Most things are wrong (and it doesn’t matter) January 13, 2012 at 5:40 pm
For my sins, perhaps in a past life, I used to manage a model verification group. We looked at derivatives pricing models and checked their accuracy. Many of the ones we looked at were somewhat wrong, and some of these we passed anyway. Why?
- A model is only designed to be used with a domain of applicability. Provided that their are controls in place to make sure it is not used outside that domain, it doesn’t matter that it is wrong there.
- Moreover all models are a simplifications. They will always break if you stress them enough.
- Time to market sometimes beats correctness. Being first, even with a slightly wrong model, is sometimes better than being seventh with a more correct one.
In other words, modelling is like crossing a river on lily pads. It isn’t a question of whether things are secure – you know that they are not – it is a question of having sufficiently good judgement that you avoid taking a bath.

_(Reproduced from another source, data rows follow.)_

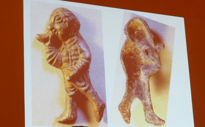 - В слоях XII века нам посчастливилось найти целый, закрытый энколпион (ковчежец), по всей видимости, византийского производства. По тем временам это очень дорогая вещь, её берегли. Дальнейшее исследование внутренних вложений покажет, что там находится. Интересная находка – западноевропейская накладка в виде человечка, он держит у рта то ли свисток, то ли предмет пищи – огурец или булочку, пока можно только предполагать. Одно из предположений – это всё-таки музыкальный инструмент.
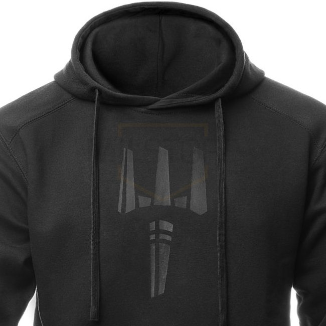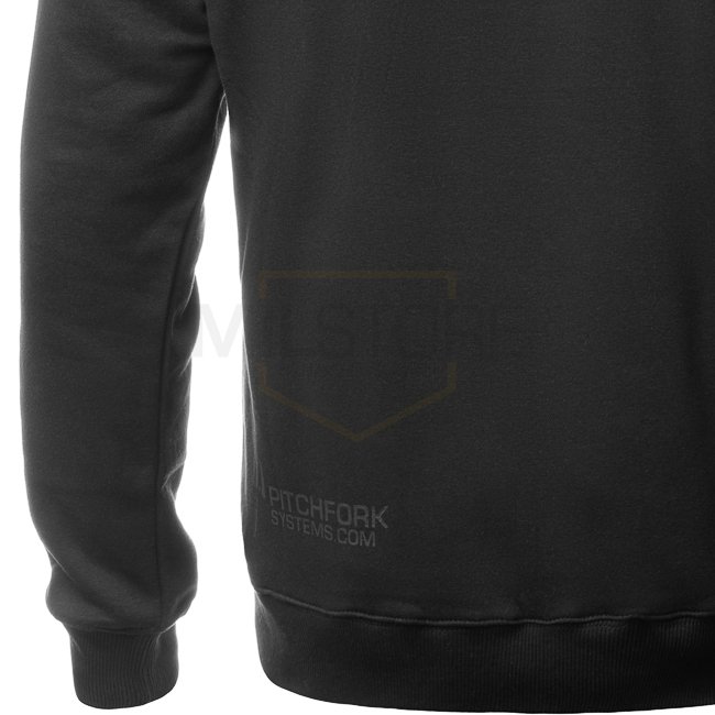 Sweat à capuche décontracté Pitchfork, impression noir - Noir - M : Sweat à capuche noir à coupe ample avec un grand trident centré sur la poitrine, petit logo PFS à l'arrière. Mélange coton-polyester 70/30 pour la chaleur, informations sur le produit imp
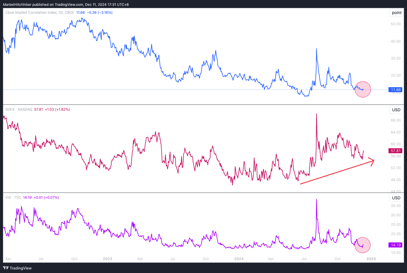 Implied correl 3m in the lows, skew is basing higher, vix in the lows.
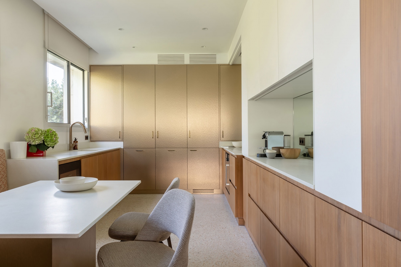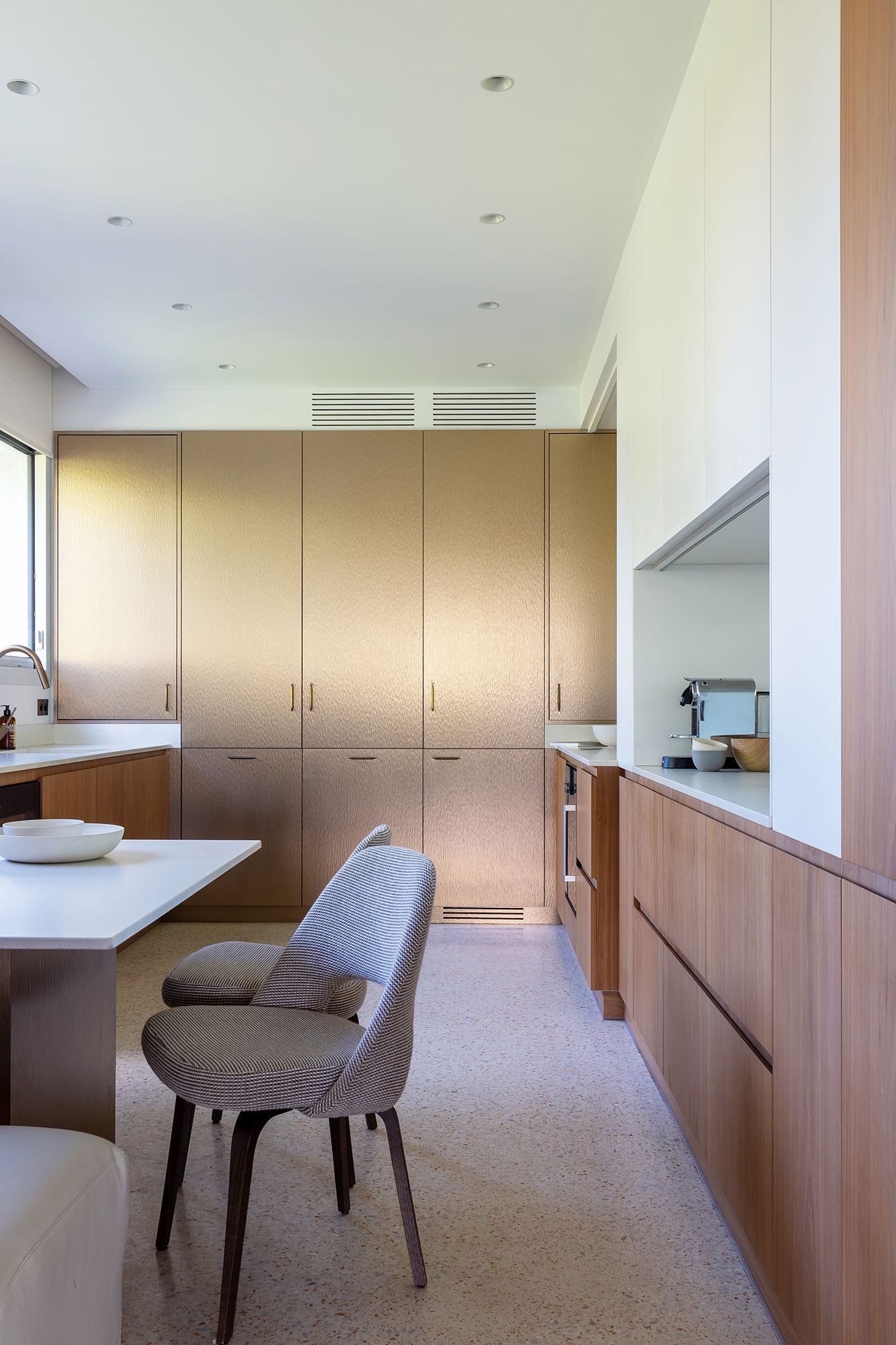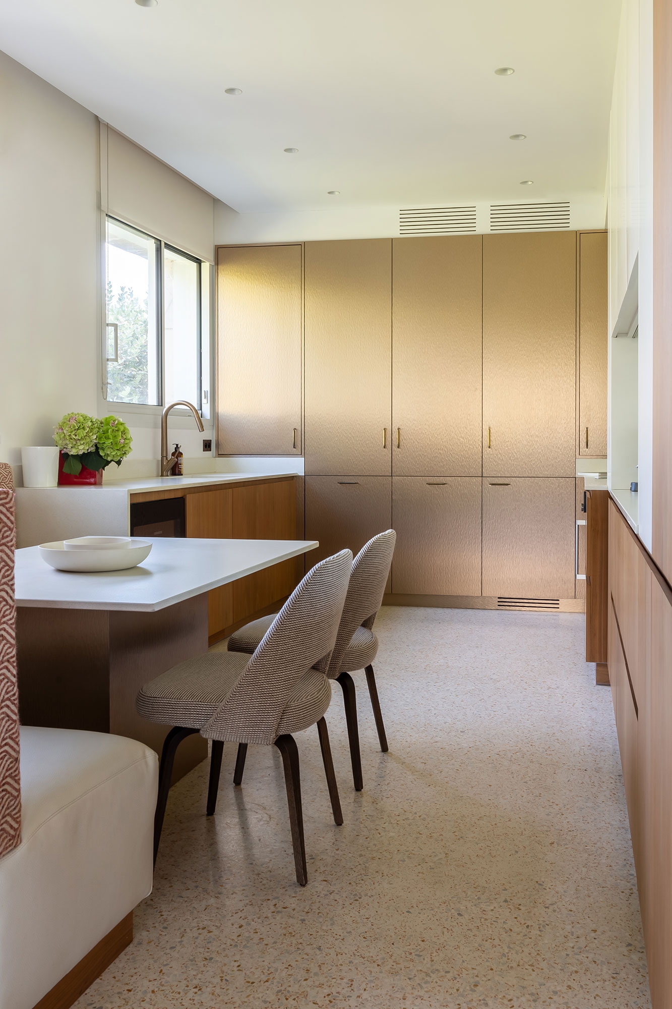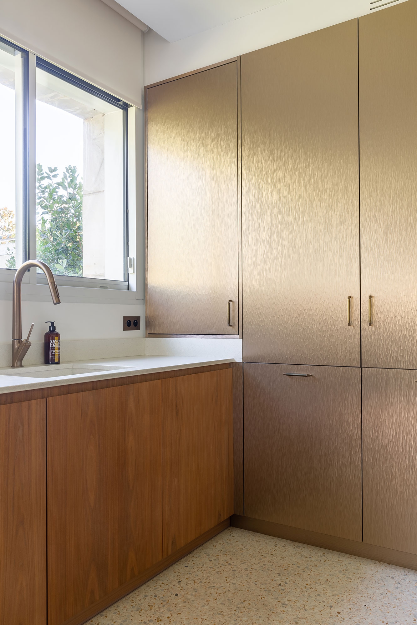 or the renovation of this 200 m2 duplex in Boulogne-Billancourt, the Santillane Design agency imagined a wall of "matter" with Oberflex gouged bronze fronts for the kitchen. Combined with walnut and terrazzo, the bronze brings elegance and a lot of light. As a reminder, it can be found on the central leg of the dining table and on the bar that distances the kitchen from the living room.

It does not surprise me, then, to learn that many research results may be false. People doing complicated things make mistakes, even without bias. Having open data (so that others can build their own model) and open models (so that they can see where yours breaks) helps, but mistakes are still going to slip through. Science, like finance, isn’t ‘correct’; the best it can aim for is ‘not obviously false’, and it might not hit that bar some of the time.
Indeed, ‘correctness’ is a really unhelpful idea in most modelling. Few models are absolutely correct, and certainly very few interesting ones. ‘Close enough, enough of the time’ is much more apposite, and ‘open enough that you can figure that out’ is a good way of helping to get there.